1 Introduction

Semantic segmentation is to assign consistent labels to pixels with similarly semantic attribute. It has essential applications in the field of unmanned driving, medical image recognition and intelligent safeguard systems, etc.

In the early stage, conventional methods [1, 2], such as threshold optimization and watershed algorithm, were used to segment the image into regions, and the regions were classified and annotated with geometric shapes and textures. Then, probability models [3] and machine learning methods [4] were developed in semantic segmentation in vehicle license plate recognition and medical image segmentation.

Recently, deep Learning [5] has been leading the visual task. Fully convolutional network (FCN) [6] adopted classification networks into the fully convolutional network and transferred the learned representative to pixel-wise classification, followed by many robust networks such as U-Net [7], DeepLabv3 [8] and so on. Thanks to the effects of transpose convolution and skip-layer, the prediction result of FCN not only has the same size as the input but also ensures the robustness and accuracy of FCN.

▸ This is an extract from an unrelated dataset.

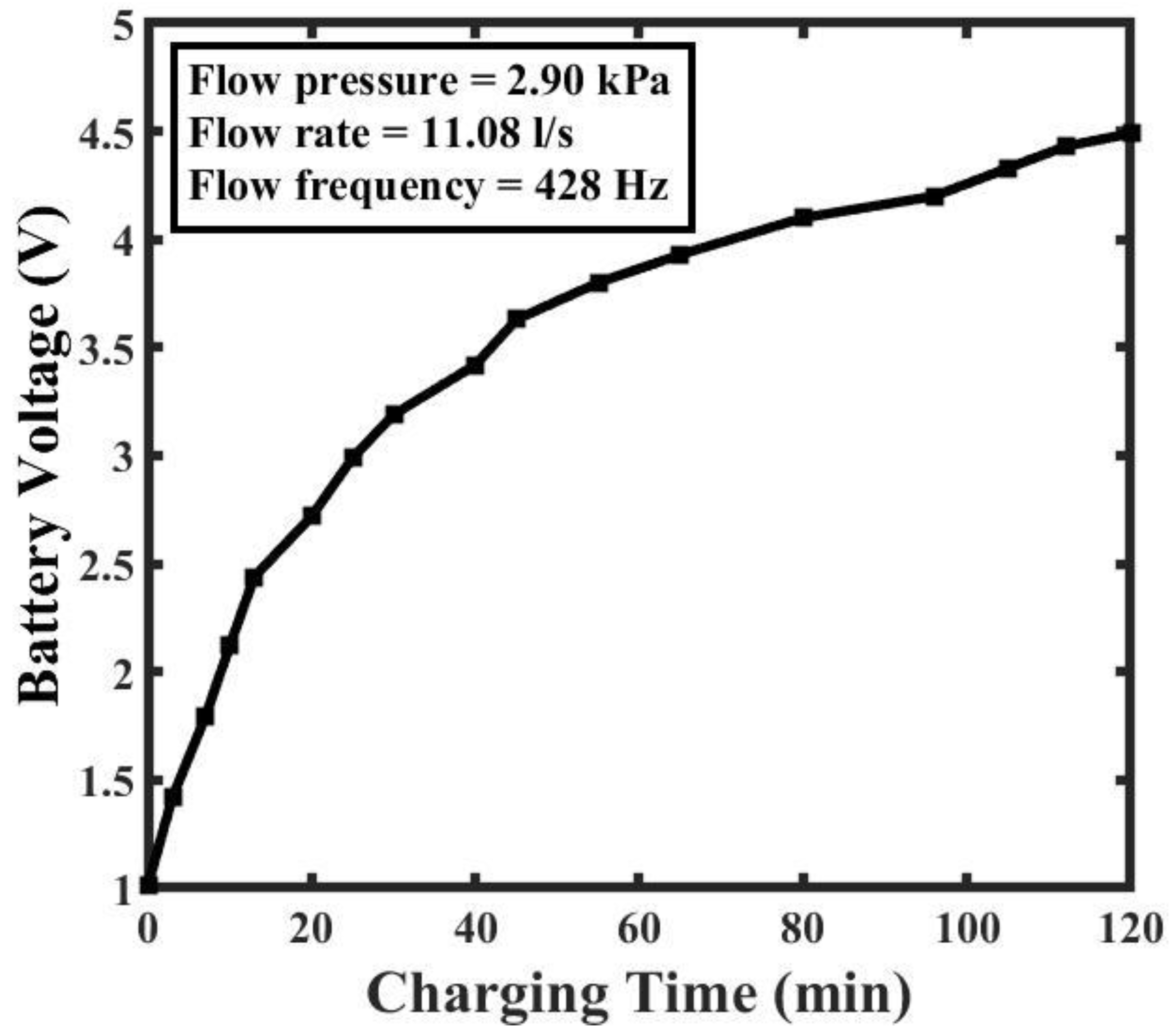 Figure 17 depicts the procedure for charging a battery using the harvester’s DC output. In this setup, a pressure of 2.90 kPa and a discharge rate of 11.08 L/s are applied. A rechargeable battery rated at 4.8 V started from a depleted voltage of 1.01 V. Then, the DC outputs from the piezoelectric and electromagnetic components were connected in series, and this combined DC output was linked to the battery. The voltage across the battery’s terminals increased over time as the battery gained energy and was periodically monitored. The battery voltage increased to 2.12 V in the first ten minutes and 3.42 V in the following thirty minutes. Furthermore, over a duration of 120 min, the battery voltage reached 4.49 V.

FCN serves as the foundation and baseline of modern semantic segmentation methods. However, it performs prediction pixel by pixel to pose weak consistency on intra-category. It is helpful to enhance the connection among pixels to improve the performance of FCN. Therefore, it is necessary to increase the discriminative ability of feature representations for pixel-wise recognition. The practical and direct approach is to use the information of adjacent pixels or spatial correlation in the convolution process.

In OCNet [9] and PSPNet [10], the pyramid pooling module partitions the feature maps into multiple regions, and the pixels in each region are regarded as the context of the pixel belonging to the region. The Atrous Spatial Pyramid Pooling module in DeepLabv3 considers spatially sampled pixels at different atrous rates as the context of the centre pixel. In DANet [11], self-attention mechanism [12] is used to capture feature dependence in spatial dimension and channel dimension, respectively.

Inspired by PSPNet, this paper proposes FCN with post-processing attention module (PPAM) and skip-layer attention module (SAM) for semantic segmentation to deal with the problem of poor consistency on intra-category and similarities on intra-category among pixels. PPAM is to capture the spatial dependence of any two pixels in the feature map. SAM is to generate the feature with high resolution and strong semantic information through fusing high-level feature with the low-level feature. The two modules work together to enhance the connection among pixels.

FCN with PPAM and SAM shows an excellent performance of 72.01% mIoU with moderate computational complexity and hardware on PASCAL VOC 2012 .

The main contributions are summarized below.

  1. (1)

    We propose the FCN with attention modules, which is used to improve the consistency of semantic prediction.

  2. (2)

    We design the PPAM and SAM to improve the performance of segmentation. PPAM is used to compute similarity among pixels, and extract precise pixel-wise contextual information from high-level feature map in FCN. SAM is to fuse semantic information from a high level with contour information from a low level.

  3. (3)

    We formulate the loss function by the sum of Branch-1 loss function and Branch-2 loss function. Compared with the conventional method with only one branch cross-entropy loss function, Branch-2 loss we designed provides fault tolerance for network, add extra gradient flow during back-propagation, thereby helping to reduce gradient vanishing problem.

Fig. 1
figure 1

Overall architecture of the proposed model. ‘Conv+Pool’ represents convolution layer and pooling layer, ‘Res-1,2,3,4’ represents residual modules in dilated ResNet-50, ‘PPAM’ represents post-processing attention module, which is shown in Fig. 3, and ‘SAM’ represents skip-layer attention module, which is shown in Fig. 4. The red and blue lines represent the down-sample and up-sample operators, respectively

2 Related work

There are a variety of networks proposed to carry out semantic segmentation tasks. Firstly, the network represented by DeepLab system [13] introduces atrous convolution and spatial pyramid pooling with different void rates in different branches to obtain multi-scale image representation. Secondly, changing the encoder–decoder structure to produce better quality results is also a hot topic. Besides, more and more networks are beginning to add attention mechanisms to capture context information. These methods make use of the context information as much as possible by changing the structure of the network.

Spatial Pyramid Pooling: The pyramid pooling can extract and aggregate feature maps from different sizes to improve the robustness of neural networks. Spatial pyramid pooling has been widely employed to provide a good descriptor for overall scene interpretation, especially for various objects in multiple scales. Besides, spatial pyramid pooling can well solve the problem of large computing time of R-CNN [14].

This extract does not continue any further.